The biogenic emissions depend on many factors, primarily the types of vegetation species, as well as the densities of these species. Isoprene is the most abundant of BVOCs, and is emitted by oak, sweetgum, eucalyptus, and aspen. Monoterpenes are the second most abundant of BVOCs, and are emitted by pine, cypress, spruce and fir. In addition, BVOC emissions vary with environmental conditions such as temperature, light (solar radiation), plant water stress, and ambient ozone and CO2 concentrations. At present, the response of BVOC emissions to climate change and land cover change is largely unknown.
We propose to address this issue by applying an integrated land-emission-climate modeling system (see below) to assess the effects of climate change and land cover change on BVOC emissions at the regional scale in Texas.

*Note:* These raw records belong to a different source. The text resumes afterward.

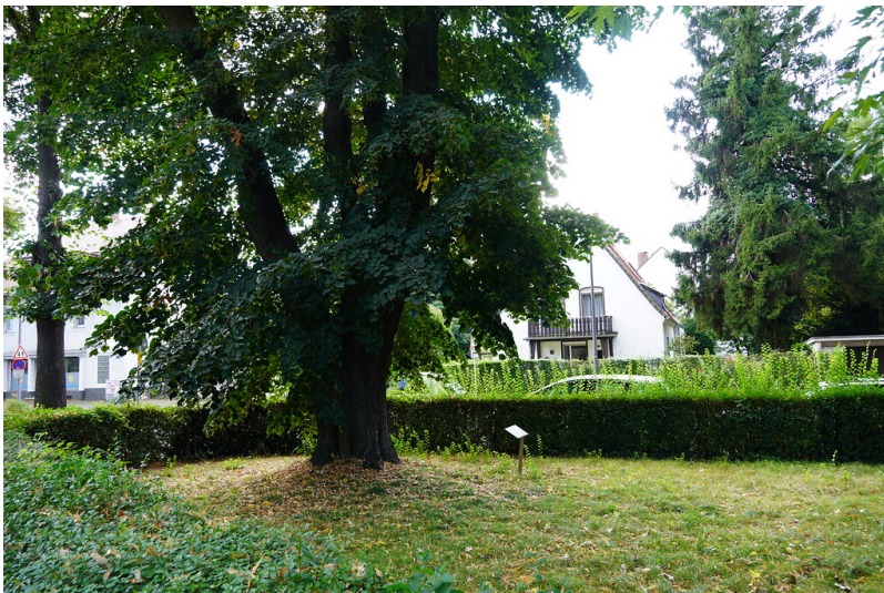
Die Zeppelin-Linde an der Ecke Eichendorffstraße / Schillerstraße / Bahnstraße in Köln-Weiden (2021).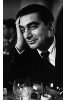
ロバート・キャパ・ポートレート(1951年)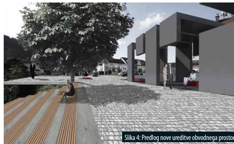
Slika 4: Predlog nove ureditve obvodnega prostora.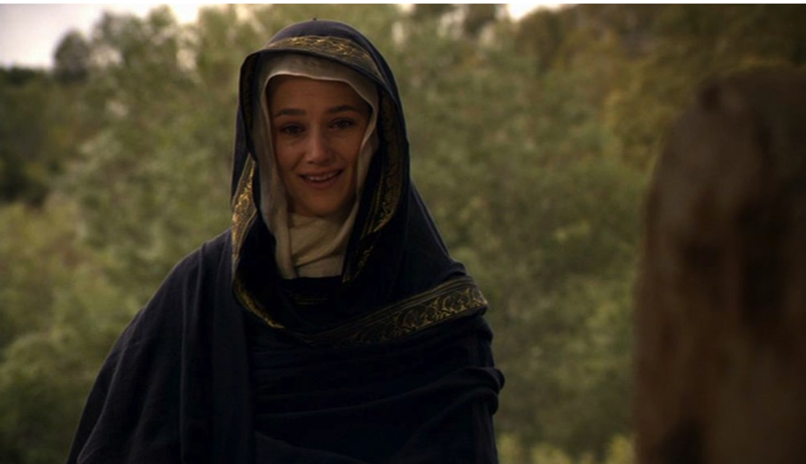
Maria di Nazaret : avant de rentrer en pleurs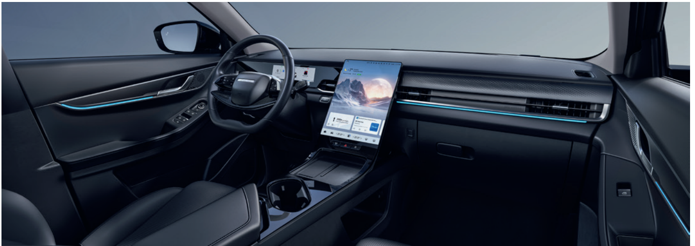
FEKETE SZINTETIKUS BŐR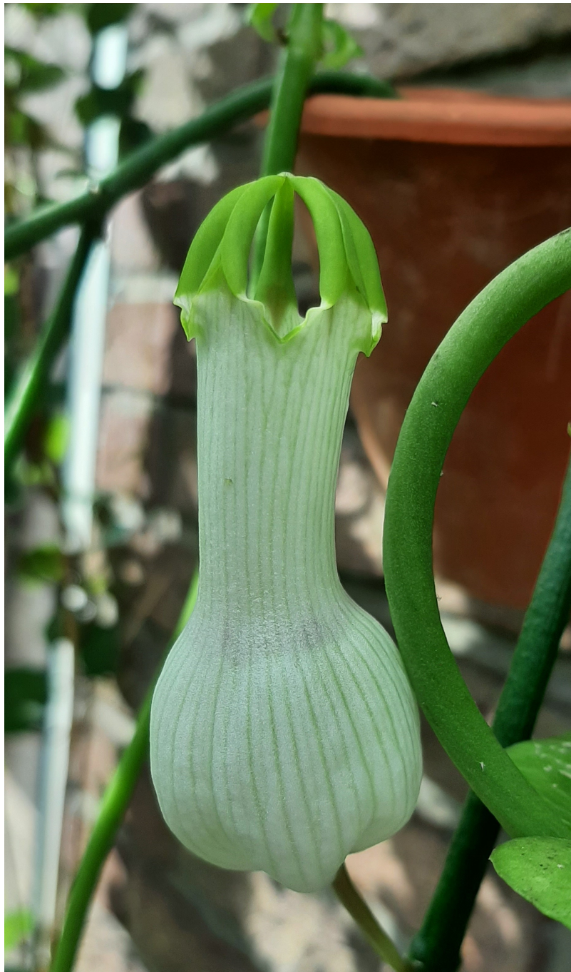
Ceropegia ampliata collectie Ben 2021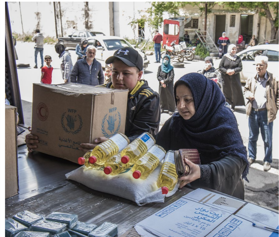
Gevolgen van oorlog zijn groot voor kwetsbare mensen elders.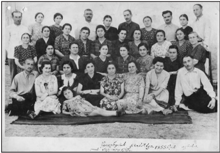
ბავშვების კლასში 1955 წელს. ავტორი - ნანა მერაბიშვილი.

ამ დროს მე წითელწყაროს ქართულ საშუალო სკოლაში ველოდი. ნანამ წარმატებით დაამთავრა უნივერსიტეტი და მშობლიურ სკოლაში დანყებითი კლასების სასწავლო ნაწილის გამგედ დაიწყო მუშაობა. ასწავლიდა, ამავე დროს, მშობლიურ ენასა და ლიტერატურას. იყო სკოლის დირექტორიც. ჰყავს ორი შვილი და სამი შვილიშვილი.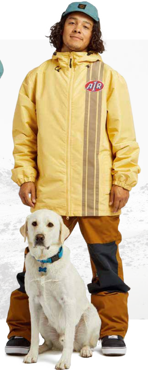
REVERT JACKET / BANANA FREEDOM BIB / GRIZZLY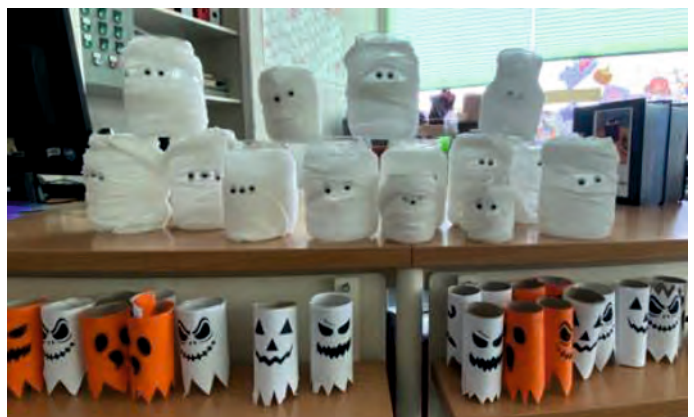
Schaurig-schöne Gruseldeko bastelten die Hortkinder beim Besuch in der Bücherei.

Nachdem während der Vorstellungsrunde ein Spinnennetz gewebt wurde, tauchte die Gruppe ein in die Welt der Geschichte von „Zombert und dem mutigen Angsthasen“. Im Anschluss wurden vielerlei Geister gebastelt und Mumiengläser gewickelt. Der Besuch endete wie es an Halloween der Brauch ist – lieber Süßes geben statt Saures bekommen.

We hypothesize that climate change influences the emissions of biogenic volatile organic compounds (BVOCs) and hence air quality both directly and indirectly. The direct effect is that the changes in the surface incident solar radiation and air temperature, among other variables, affect the vegetation’s capability to release BVOCs.
The indirect effect is that the climate change will cause changes in the types of vegetation species as well as the prevalence of these species, thereby modulating the emission rates of BVOCs. In addition, human-driven land use change will also impact BVOC emissions.
The study area focuses on the State of Texas for three main reasons:
We will integrate the Community Land Model (CLM3), which includes a dynamic general vegetation model (DGVM), with a biogenic emission module (BEIS/GLOBEIS) to explicitly estimate BVOC emissions. The CLM3 simulates, at every time step, the exchange of water, carbon, energy, and momentum between the land surface and atmosphere through a wide range of ground and canopy bio-geophysical processes which BVOC emissions depend on. A newly mapped land use dataset with a spatial resolution of 1 km and over 600 classifications for the state of Texas, together with human-driven land use change in urban areas (Houston/Galveston, Dallas/Ft. Worth, San Antonio, and Austin), will be used to estimate BVOC emissions. The DGVM will not only simulate the interactive vegetation processes (e.g., interaction between leaf growth and precipitation) but also include vegetation competition and distribution and dynamic disturbance (typically fire).
The CLM3-DGVM with the biogenic emission module will be linked first to the NCEP re-analysis data for an “off-line” sensitivity study and then to a regional climate model (WRF) for an investigation of system “feedbacks” and future climate sensitivities. Particular care will be taken to separate the effects of human-induced land use change.